Song performed by Judy Collins

"A Sailor’s Life" (Roud 273; Laws K12) is an English language folk song which describes the attempt of a young woman to find her lover, a sailor. Eventually she hears that he has drowned and mourns him.

==History==
The song was printed in eighteenth-century broadsides and collected by W. Percy Merrick in 1899 from Henry Hills of Lodsworth, Sussex. Countless recordings have been made of the song, including one version sung in 1908 by A. Lane of Winchcombe, Gloucestershire, England, recorded on phonograph by Percy Grainger; this recording can be heard on the British Library Sound Archive website.

It was published in the Penguin Book of English Folk Songs and recorded in 1960 by A. L. Lloyd for the album A Selection from the Penguin Book of English Folk Songs. It was subsequently recorded by Judy Collins on her album A Maid of Constant Sorrow in 1961 and Martin Carthy for his Second Album in 1966 with his then playing partner violinist Dave Swarbrick.
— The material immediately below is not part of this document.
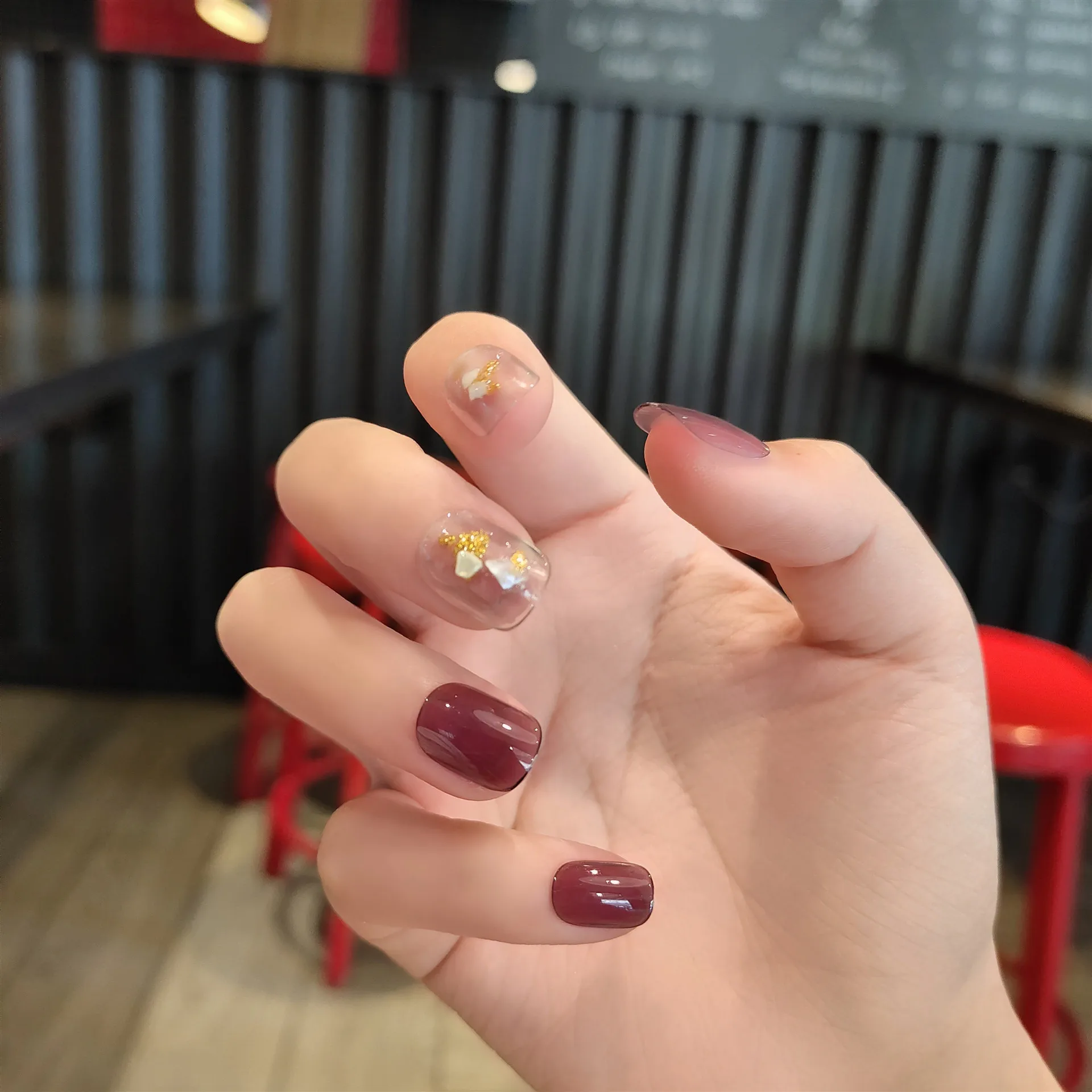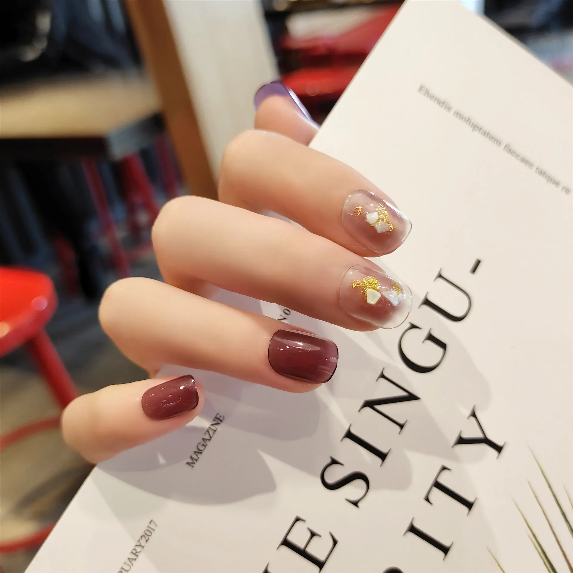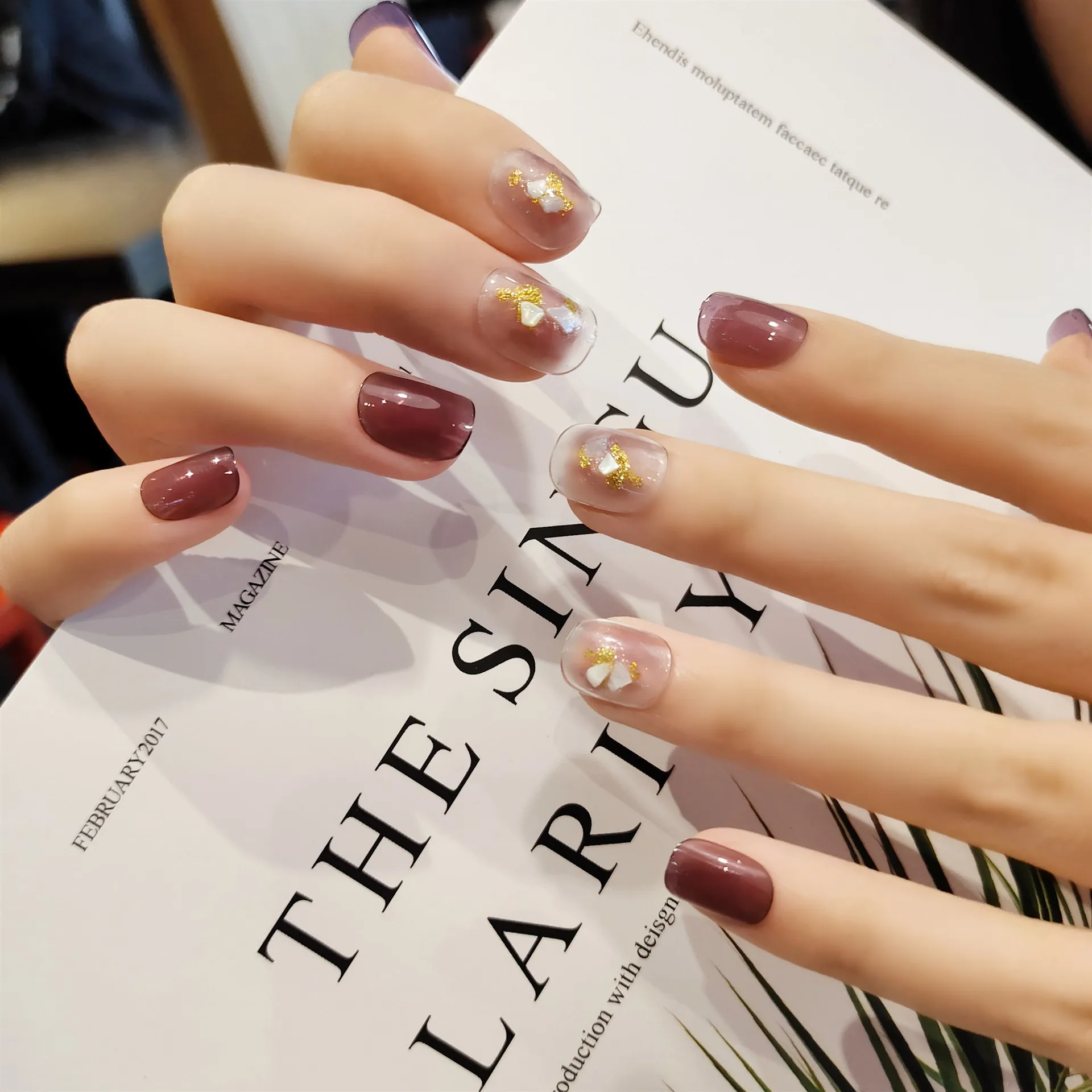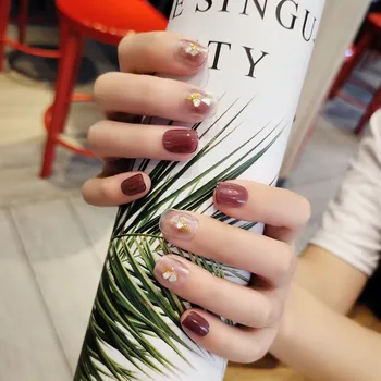 Special Offer 24 Szt. Winogronowy Fioletowy Przezroczysty Skok Kolor Ovel Sztuczne Paznokcie Złoty Szklany Shard Design Noszenie Prasy Na Tipsy Student Nail Art Discount 25% Today!

It is probably from one of these sources that the song was learnt by Sandy Denny who sang it in her solo career and then brought it to the band Fairport Convention, where with Swarbrick guesting on violin and Richard Thompson on guitar, it was released on the band's 1969 Unhalfbricking album. The eleven-minute version, regarded as a pivotal step in the development of British folk rock, was recorded in one take. It was a recording which marked the beginning of the genre, leading to the seminal album Liege & Lief later that year. British music website Uncut describes the track as: "11 minutes of seething cymbal washes on a Celtic drone chord sequence, erupting into a middle section where squalling crosswinds are traded between Richard Thompson and guest fiddler Dave Swarbrick."

==Variants==
The following can be seen as variants of the song:
- "Sailor Boy" (America)
- "Black Is the Color (of My True Love's Hair)" (America)
- "The Lost Sailor" (Australia)
- "The Pinery Boy"
- "Willie the Bold Sailor Boy"
- "Sailor on the Deep Blue Sea" (America)
- "Sweet William"
- "Willie Boy" (America)

==Discography==
- A. L. Lloyd, A Selection from the Penguin Book of English Folk Songs (Collector, 1960)
- Judy Collins, A Maid of Constant Sorrow (Electra, 1961).
- Martin Carthy, Second Album (with Dave Swarbrick) (Fontana, 1966)
- Fairport Convention, Unhalfbricking (Island, 1969)
- Ashley Hutchings, The Guv'nor vol 1, (HTD, 1994)
- Solas (group),The Turning Tide (Compass Records, 2010)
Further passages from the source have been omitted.